In three-tier networked topologies, the middle layer acts as a concentrator for many clients to share a finite resource at the back-end service. It can be used to protect the back-end systems by providing a level of indirection and hence a point of control.
In a highly available three-tier system, the middle tier can add further value by providing a single point of entry to client applications, thus hiding the complexity of the middle-tier and back-end implementation, both of which may be made up of multiple cloned nodes.
When the middle tier itself is made up of multiple cloned nodes, ultimately—one of those nodes will be elected to process a specific request. In certain circumstances, the middle-tier node, having received a specific request, might find that it is unable then to satisfy the request (e.g. within a target response time). This might occur if the selection of the specific middle-tier node coincides with a problem in the back-end node associated with this specific middle-tier node.
Having exhausted any chance to successfully process the request, the middle-tier node would typically respond to the client application associated with the request with an error. The client would then close and re-open its connection to the middle tier, in the expectation that an alternative middle-tier node would be selected.
An example of such a highly available three-tier system is a transaction system in which client applications access transaction servers via a transaction gateway. An example of such a transaction system is the IBM CICS® Transaction Server System (CICS is a trade mark of International Business Machines Corporation).

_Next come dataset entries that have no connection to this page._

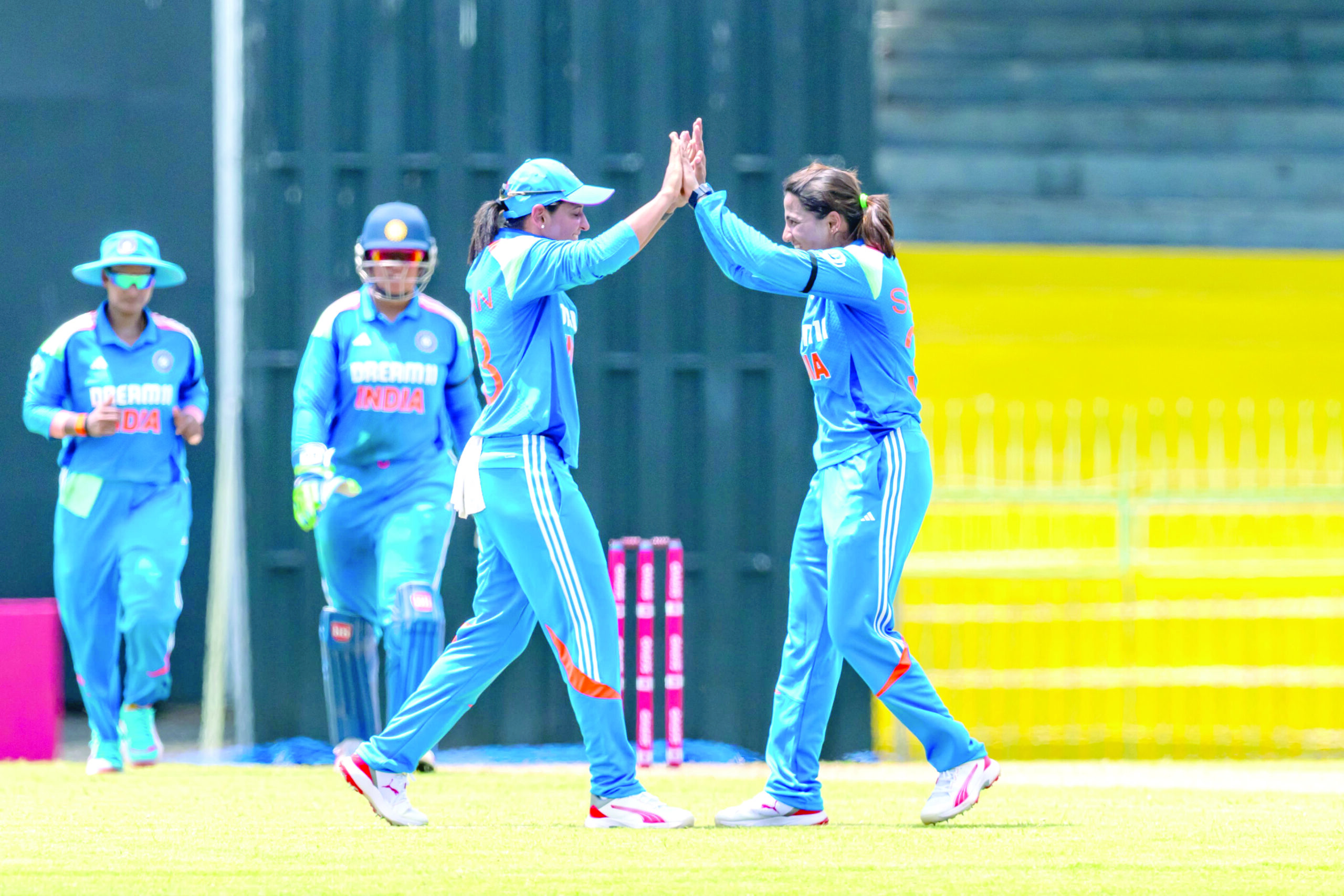 کولمبو، 27 اپریل (یو این آئی) اسنیہ رانا (تین وکٹ)، دیپتی شرما اور سری چرنی (دو وکٹ) کی شاندار گیندبازی کے بعد پرتیکا راول (ناٹ آؤٹ 50)، ہرلین دیول (48 ناٹ آؤٹ) اور اسمرتی مندھانا (43) کی شاندار بلے بازی نے ہندوستانی خواتین ٹیم نےبارش سے متاثر سہ روزہ سیریز کے پہلے یک روزہ مقابلے میں سری لنکا کو 56 گیندیں باقی رہتے نو وکٹ سے شکست دے دی۔148 رنز کے ہدف کے تعاقب میں ہندوستان نے پرتیکا راول اور اسمرتی مندھانا کی اوپننگ جوڑی کے ساتھ پہلی وکٹ کے لیے 54 رنز کی شراکت کے ساتھ اچھی شروعات کی۔ 10ویں اوور میں انوکا راناویرا نے نصف سنچری کی جانب گامزن اسمرتی مندھانا کو آؤٹ کر کے سری لنکا کو پہلی کامیابی فراہم کی۔ اسمرتی مندھانا نے 46 گیندوں میں چھ چوکوں کی مدد سے (43) رن بنائے۔ اس کے بعد ہرلین دیول بیٹنگ کے لیے آئیں اور پرتیکا راول کے ساتھ مل کر تحمل سے بیٹنگ کرتے ہوئے 29.4 اوورز میں ایک وکٹ کے نقصان پر 149 رنز بنا کر ہندوستانی ٹیم کو نو وکٹ سے فتح دلادی۔ پرتیکا راول نے 62 گیندوں پر سات چوکوں کی مدد سے ناٹ آؤٹ 50 رنز بنائے۔ جبکہ ہرلین دیول نے 71 گیندوں میں چار چوکوں کی مدد سے 48 رنز بنائے۔اس سے پہلے آج ہندوستانی خواتین ٹیم نے ٹاس جیت کر پہلے گیند بازی کرنے کا فیصلہ کیا۔ بارش کی وجہ سے اس ون ڈے میچ کو 39-39 اوورز تک محدود کر دیا گیا۔ سری لنکا کی بیٹنگ میں شروعات خراب رہی کیونکہ اس نے آٹھویں اوور میں کپتان چماری اتاپتو (سات) کو کھو دیا۔ وہ اروندھتی ریڈی کے ہاتھوں وکٹ کیپر رچا کے ہاتھوں کیچ آؤٹ ہوئیں۔ 14ویں اوور میں اسنیہ رانا نے ہسینی پریرا (30) کو ایل بی ڈبلیو آؤٹ کر کے سری لنکا کی دوسری وکٹ حاصل کی۔ سری لنکا کی تیسری وکٹ ہرشیتھا سماراویکراما (14) کے رن آؤٹ کے طور پر گری۔ ہنسیما کرونارتنے (چار) کو اسنیہ رانا نے اپنی ہی گیند پر کیچ لیا۔ نیلاکشی ڈی سلوا (10) کو بھی رانا نے اپنی ہی گیند پر کیچ لیا۔ کاویشا دلہری (25) اور پیومی بدلاج (2) کو سری چرنی نے آؤٹ کیا۔
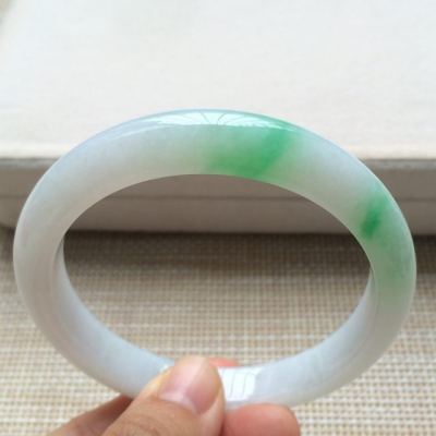 冰糯种飘花翡翠手镯 缅甸天然翡翠手镯 尺寸:62*11*9.4mm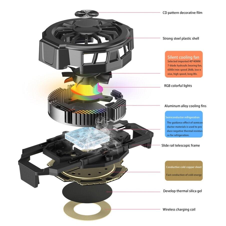 Mobile phone cooler with cool RGB fan to play all kinds of games without worrying about fever, it's cool.

An external call interface (ECI) request is typically received and processed by a single gateway daemon. The path length and network resources used to successfully connect to and deliver an ECI request to a gateway daemon form a large “investment” in terms of response time, and CPU (Computer Processing Unit) load. Unfortunately, the successful delivery of an ECI request to a gateway daemon does not guarantee a successful onward delivery of the request to its intended destination (for example, a transaction server). This might be due to a temporary lack of capacity between the gateway daemon and transaction server, for example, all communication resources are busy.
Such failures can result in the entire connection from application to gateway daemon being torn down and subsequently being re-established, with the expectation that the new connection will deliver the request to an alternative gateway daemon, which does have the capacity to service the request. This failover pattern is an expensive process.
Therefore, there is a need in the art to address the aforementioned problems.